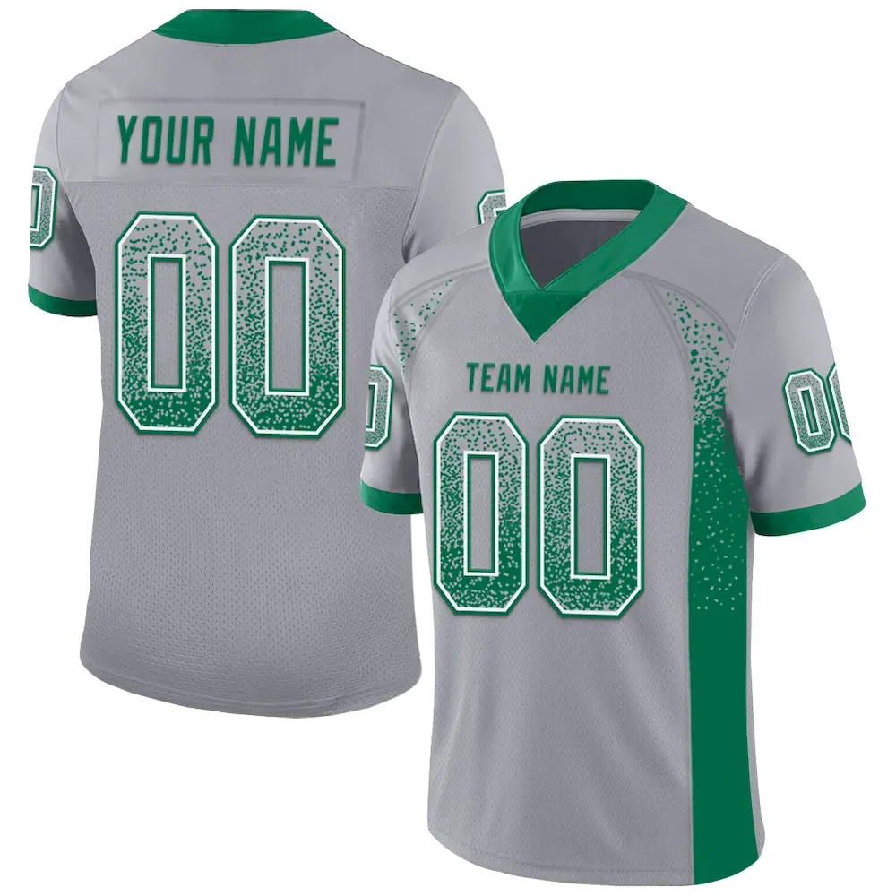 Custom Gray Kelly Green-White Mesh Drift Fashion Football Jersey
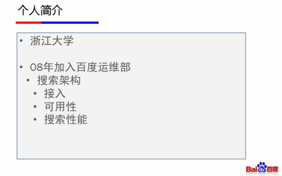 • 08年加入百度运维部 • 搜索架构 • 接入 • 可用性 • 搜索性能
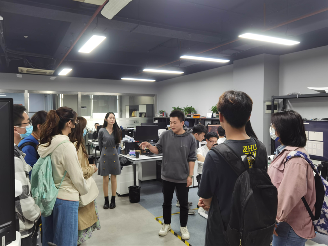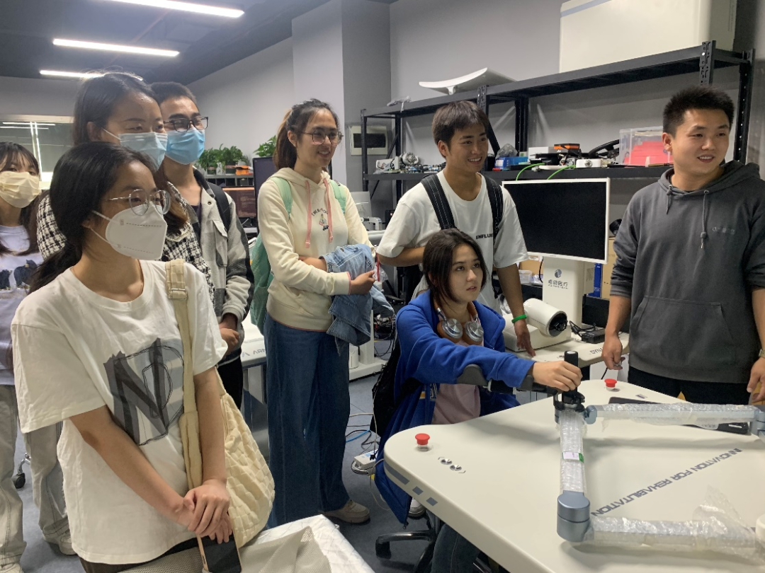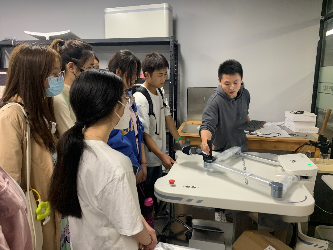 在卓道医疗联合创始人、CTO、研发部负责人简卓和研发部交互研究中心负责人曾浩的带领下,师生先后参观了结构创新中心、交互研究中心、控制研究中心等。
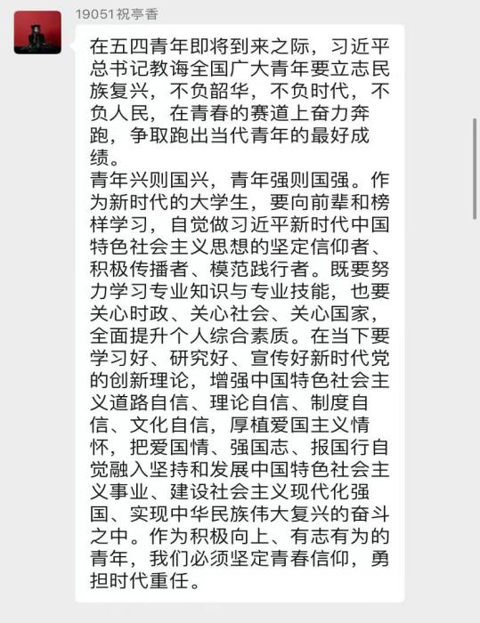 青年是整个社会力量中最积极、最有生气的力量,国家的希望在青年,民族的未来在青年。时代呼唤担当,民族振兴是青年的责任。新时代是追梦者的时代,也是广大青年成就梦想的时代。我们是与新时代同向同行、共同前进的一代,生逢盛世,肩负重任。作为青年,我们要按照习近平总书记提出的明确要求,以实现中华民族伟大复兴为己任,立大志、明大德、成大才、担大任。要坚定中国特色社会主义道路自信、理论自信、制度自信、文化自信。用脚步丈量祖国大地,用眼睛发现中国精神,用耳朵倾听人民呼声,用内心感应时代脉搏。在担当中历练,在尽责中成长,在实现中国梦的生动实践中放飞青春梦想,努力成为德智体美劳全面发展的社会主义建设者和接班人!
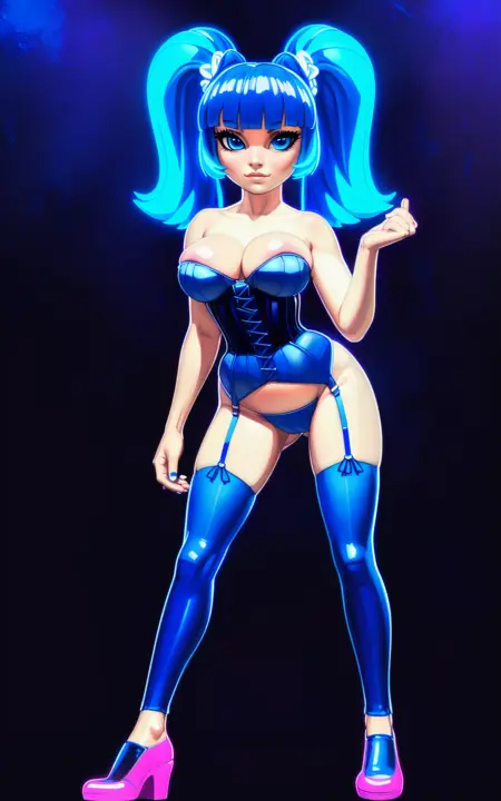 她的服装2:过膝袜,露乳,蓝色过膝袜,蓝发,内裤,蓝色内裤,蓝色紧身胸衣**
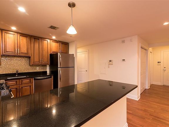 Beautiful 2 Bed/ 1 Bath condominium with balcony centrally located in Union City. The unit includes an open kitchen and living room area that is filled with natural light. The kitchen has all stainless steel appliances, black absolute granite counter tops, and a breakfast bar creating an inviting open layout. There are two large bedrooms with spacious closet space. There are pristine cherry hardwood floors throughout, as well as a washer/dryer and central air/heat. The unit is also wired for an alarm system with motion detectors. The building has an elevator and includes secure covered garage parking for 1 car allowing for an easy commute. It is conveniently located near Route 495, transportation to NYC, restaurants, shops, and schools. This won't last long, schedule a showing today!
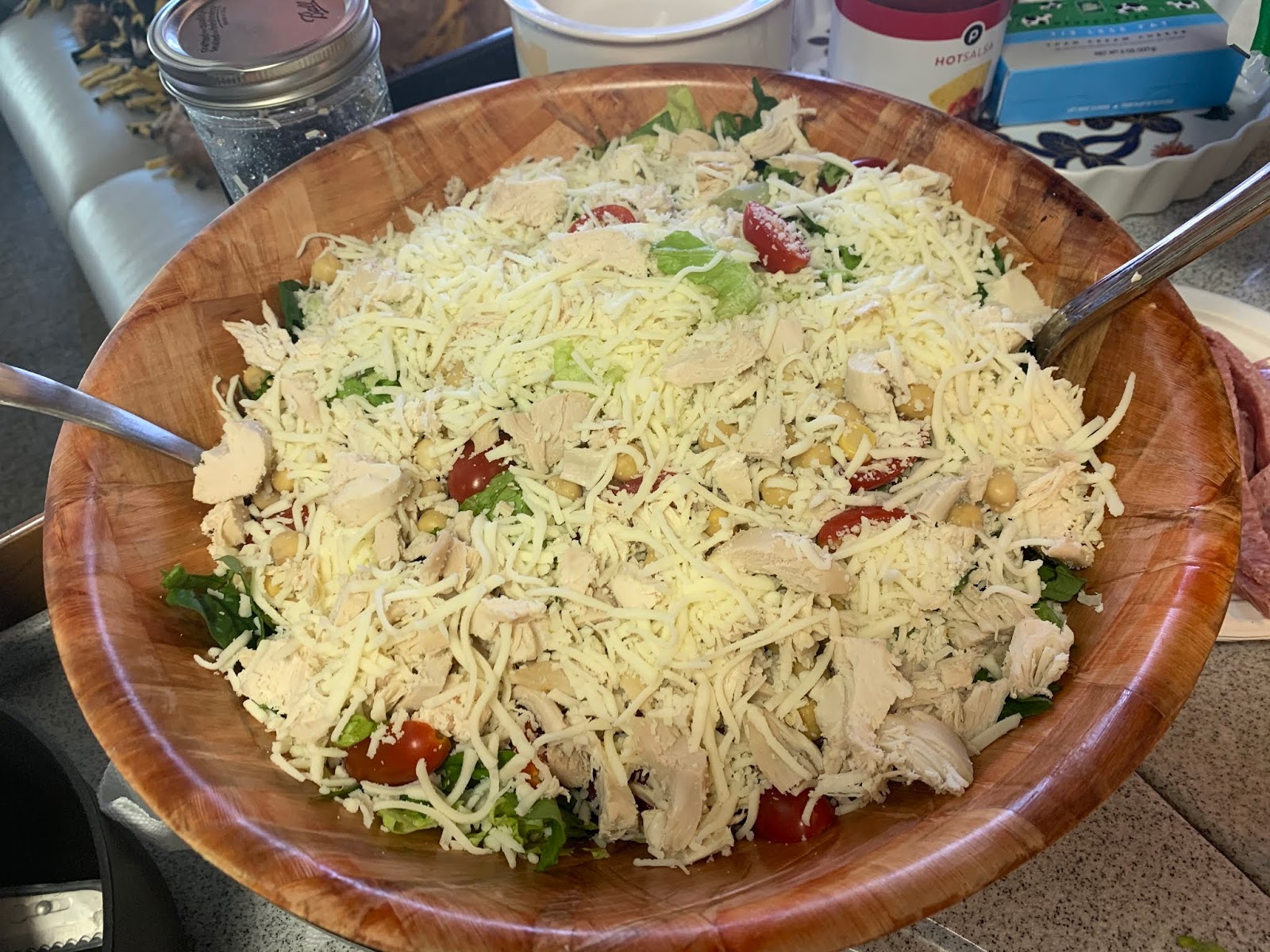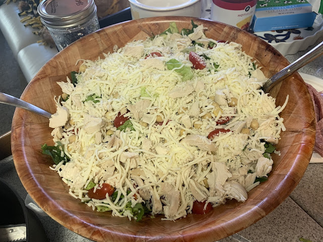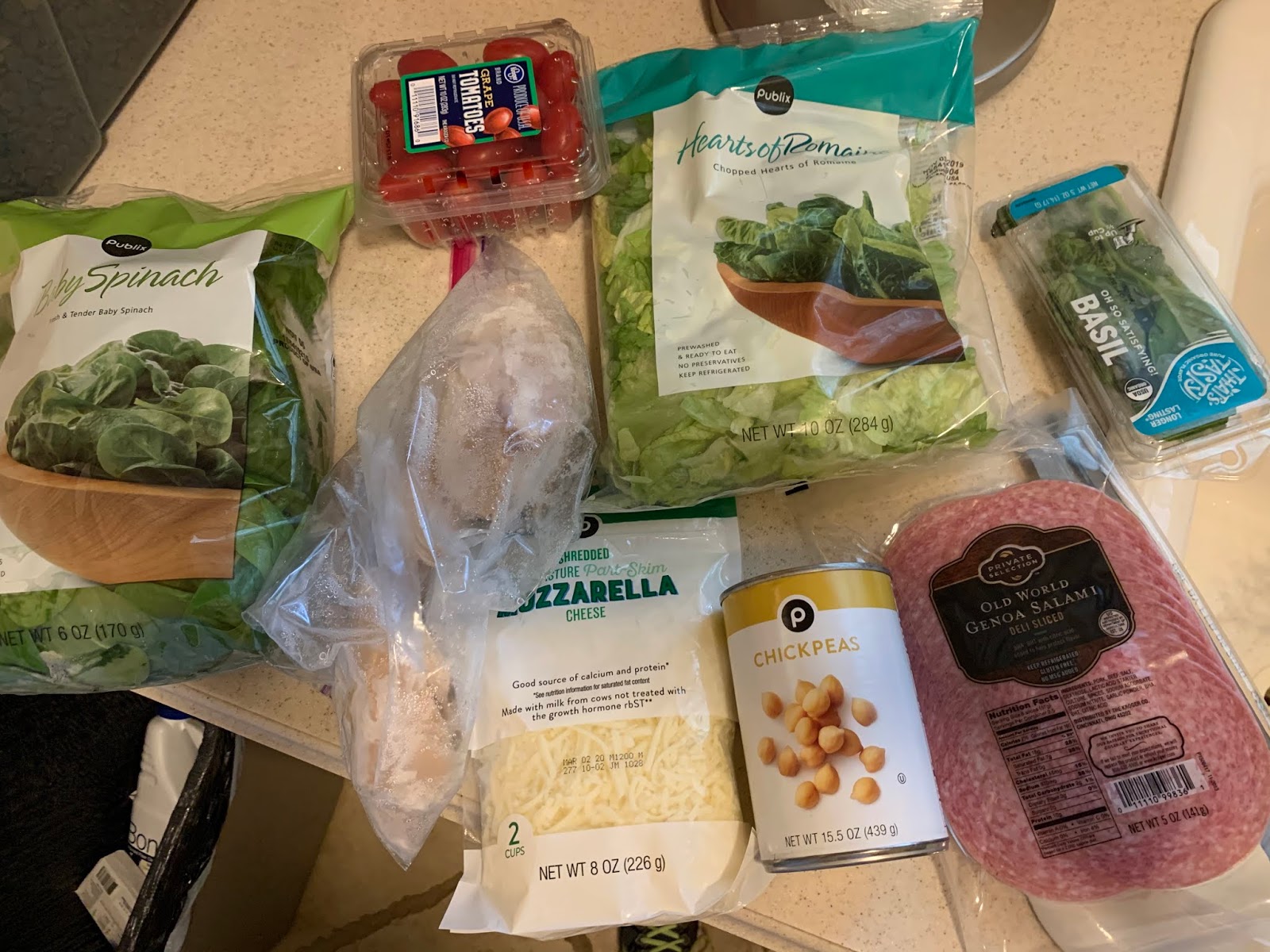 In a large bowl mix the greens together. Top with chickpeas, salami, chopped chicken, cheese, tomatoes, and basil.
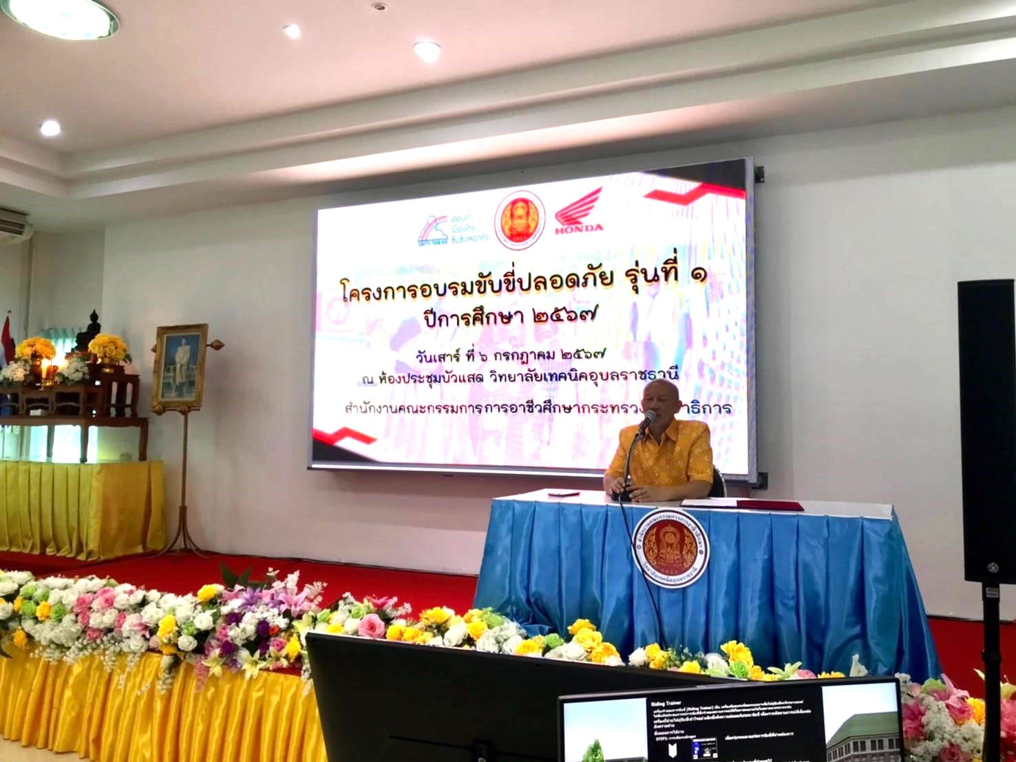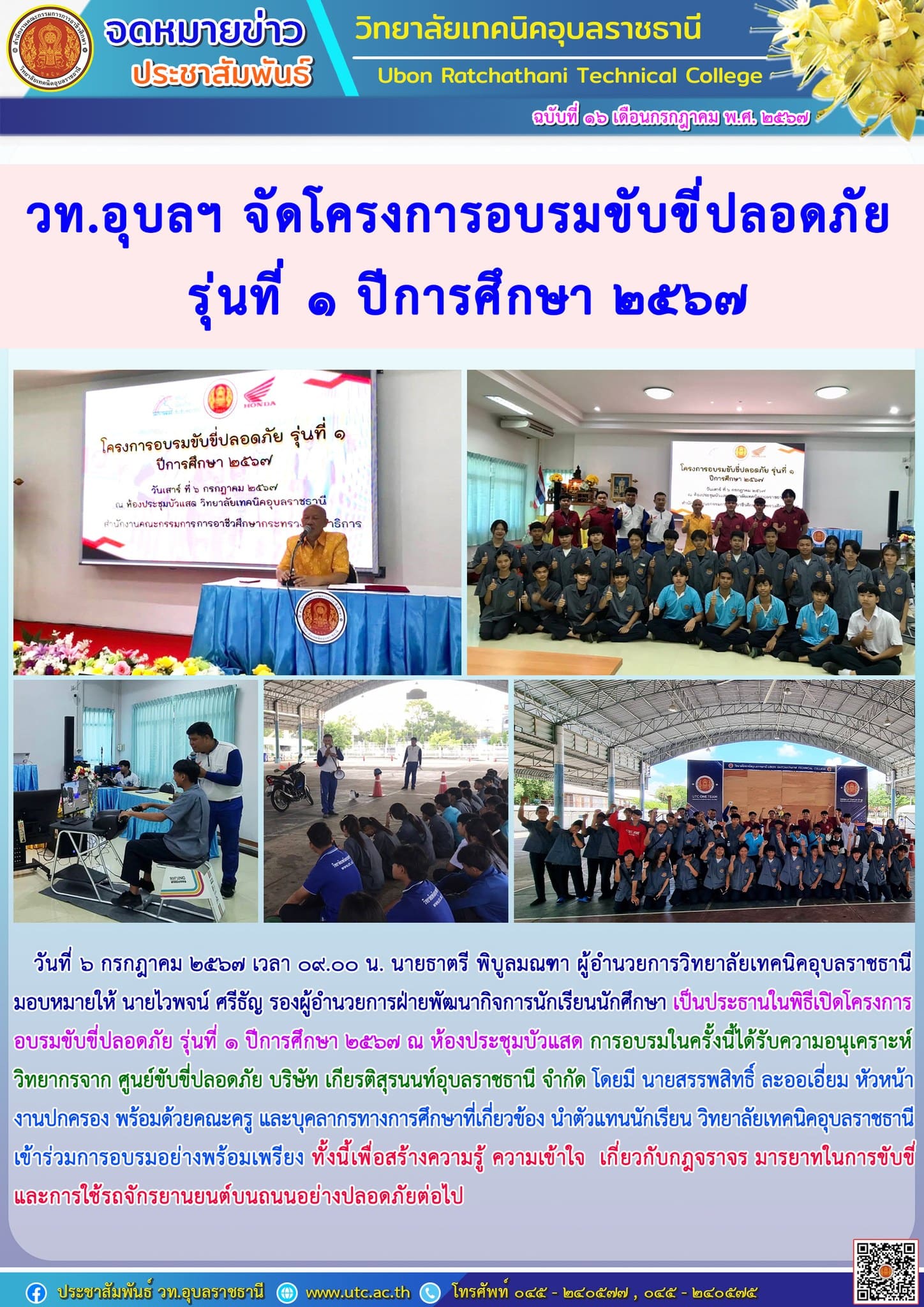 วันที่ ๖ กรกฎาคม ๒๕๖๗ เวลา ๐๙.๐๐ น. นายธาตรี พิบูลมณฑา ผู้อำนวยการวิทยาลัยเทคนิคอุบลราชธานี มอบหมายให้ นายไวพจน์ ศรีธัญ รองผู้อำนวยการฝ่ายพัฒนากิจการนักเรียนนักศึกษา เป็นประธาน ในพิธีเปิดโครงการอบรมขับขี่ปลอดภัยรุ่นที่ ๑ ประจำปีการศึกษา ๒๕๖๗ ณ ห้องประชุมบัวแสด การอบรมในครั้งนี้ได้รับความอนุเคราะห์วิทยากรจาก ศูนย์ขับขี่ปลอดภัย บริษัท เกียรติสุรนนท์อุบลราชธานี จำกัด โดยมี นายสรรพสิทธิ์ ละออเอี่ยม หัวหน้างานปกครอง พร้อมด้วยคณะครู และบุคลากรทางการศึกษาที่เกี่ยวข้อง นำตัวแทนนักเรียน นักศึกษา วิทยาลัยเทคนิคอุบลราชธานี เข้าร่วมการอบรมอย่างพร้อมเพรียง ทั้งนี้เพื่อสร้างความรู้ ความเข้าใจ เกี่ยวกับกฎจราจรและมารยาทในการขับขี่ การใช้รถจักรยานยนต์บนถนนอย่างปลอดภัยต่อไป
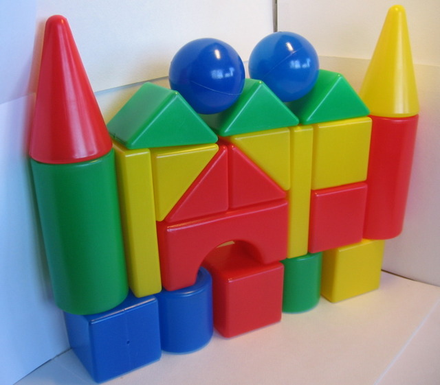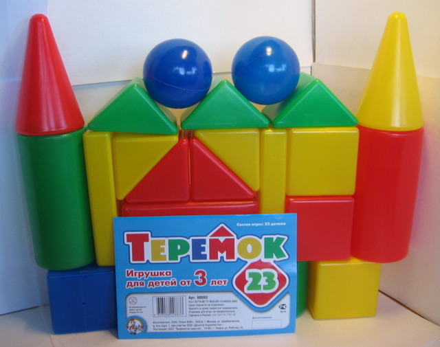Набор строительных элементов "Теремок-23" из пластмассы для детского творчества. Игрушка изготовлена из материалов, применяемых для производства пластмассы для пищевых продуктов, и пищевых красителей. Экологически безопасна. Производитель: ООО "Пласт-БЭК" (Московская обл., Щелковский р-н, пос. Свердловский, ул. Центральная, 1).
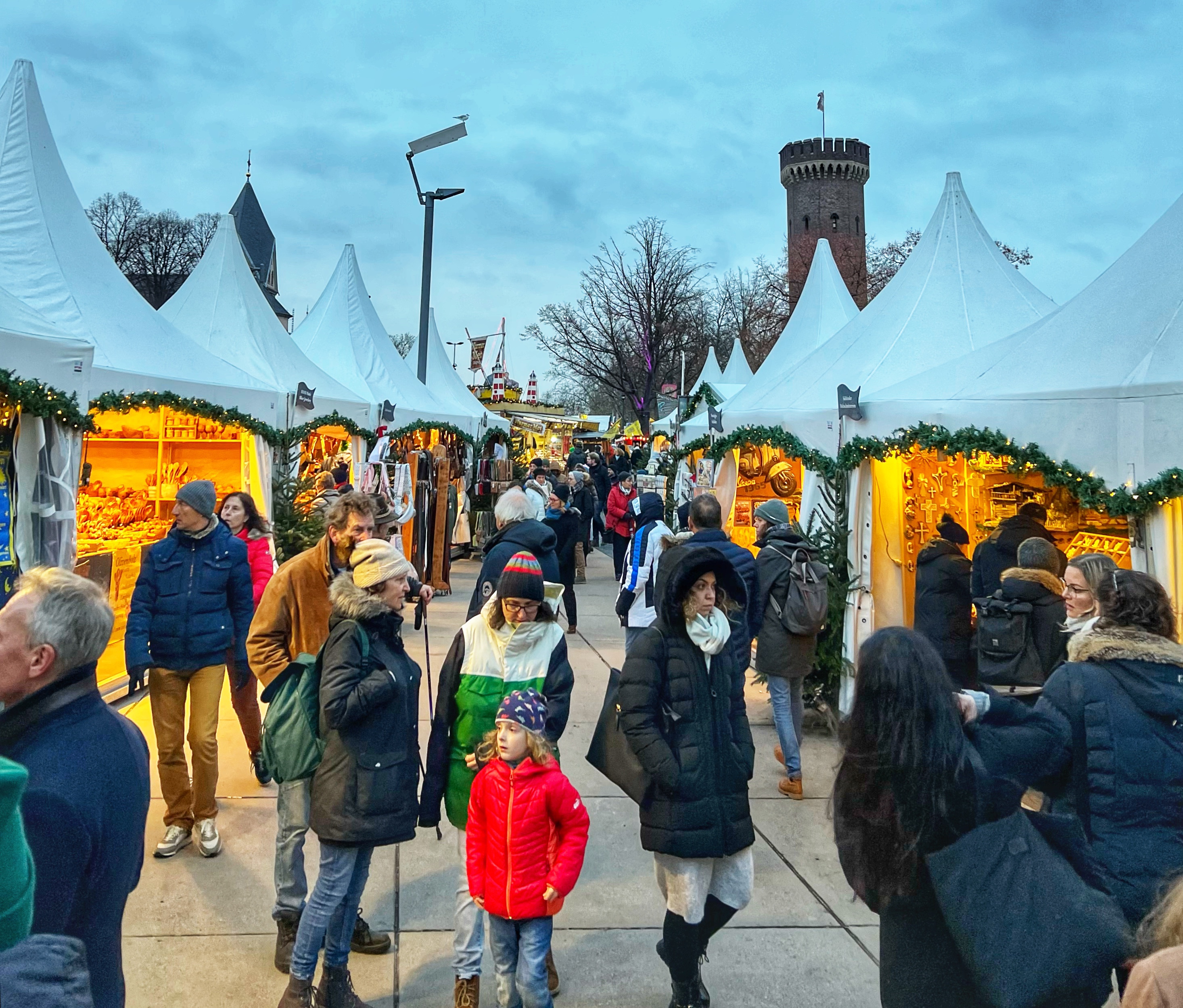 Billed as the “smallest Christmas market” in the city. Veihnachtsmarkt is hosted by volunteers and all proceeds from the huts are donated to aid projects. “Hot mulled wine, cool Kölsch beer, a changing range of food and evening live music by great Cologne bands ensure a happy and contemplative atmosphere every year.”
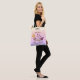 Land Folk Art i påsen "Just a Girl WHO Kärlek Chickens" har tre flerfärgade, mönstrade konstkycklingar som nibbar på någon kyckling matar. Kycklingar är olika rosa-, gult- och svarta nyanser. Två folkkonst träd som är en rosa för hallon och en gult för orange befinner sig i bakgrunden. Bakgrunden är en lavender-rosa och gult-kombination. Anpassa väskan överst med ditt namn.

──────

● **EXERCISE**
In the listing above, find the line with "她的服装2:过膝袜,露乳,蓝色过膝袜,蓝发,内裤,蓝色内裤,蓝色紧身胸衣**" and the line with "วันที่ ๖ กรกฎาคม". Output both, plus every line between them, and no pictures.

● **EXPECTED ANSWER**
 她的服装2:过膝袜,露乳,蓝色过膝袜,蓝发,内裤,蓝色内裤,蓝色紧身胸衣**
 Beautiful 2 Bed/ 1 Bath condominium with balcony centrally located in Union City. The unit includes an open kitchen and living room area that is filled with natural light. The kitchen has all stainless steel appliances, black absolute granite counter tops, and a breakfast bar creating an inviting open layout. There are two large bedrooms with spacious closet space. There are pristine cherry hardwood floors throughout, as well as a washer/dryer and central air/heat. The unit is also wired for an alarm system with motion detectors. The building has an elevator and includes secure covered garage parking for 1 car allowing for an easy commute. It is conveniently located near Route 495, transportation to NYC, restaurants, shops, and schools. This won't last long, schedule a showing today!
 In a large bowl mix the greens together. Top with chickpeas, salami, chopped chicken, cheese, tomatoes, and basil.
 วันที่ ๖ กรกฎาคม ๒๕๖๗ เวลา ๐๙.๐๐ น. นายธาตรี พิบูลมณฑา ผู้อำนวยการวิทยาลัยเทคนิคอุบลราชธานี มอบหมายให้ นายไวพจน์ ศรีธัญ รองผู้อำนวยการฝ่ายพัฒนากิจการนักเรียนนักศึกษา เป็นประธาน ในพิธีเปิดโครงการอบรมขับขี่ปลอดภัยรุ่นที่ ๑ ประจำปีการศึกษา ๒๕๖๗ ณ ห้องประชุมบัวแสด การอบรมในครั้งนี้ได้รับความอนุเคราะห์วิทยากรจาก ศูนย์ขับขี่ปลอดภัย บริษัท เกียรติสุรนนท์อุบลราชธานี จำกัด โดยมี นายสรรพสิทธิ์ ละออเอี่ยม หัวหน้างานปกครอง พร้อมด้วยคณะครู และบุคลากรทางการศึกษาที่เกี่ยวข้อง นำตัวแทนนักเรียน นักศึกษา วิทยาลัยเทคนิคอุบลราชธานี เข้าร่วมการอบรมอย่างพร้อมเพรียง ทั้งนี้เพื่อสร้างความรู้ ความเข้าใจ เกี่ยวกับกฎจราจรและมารยาทในการขับขี่ การใช้รถจักรยานยนต์บนถนนอย่างปลอดภัยต่อไป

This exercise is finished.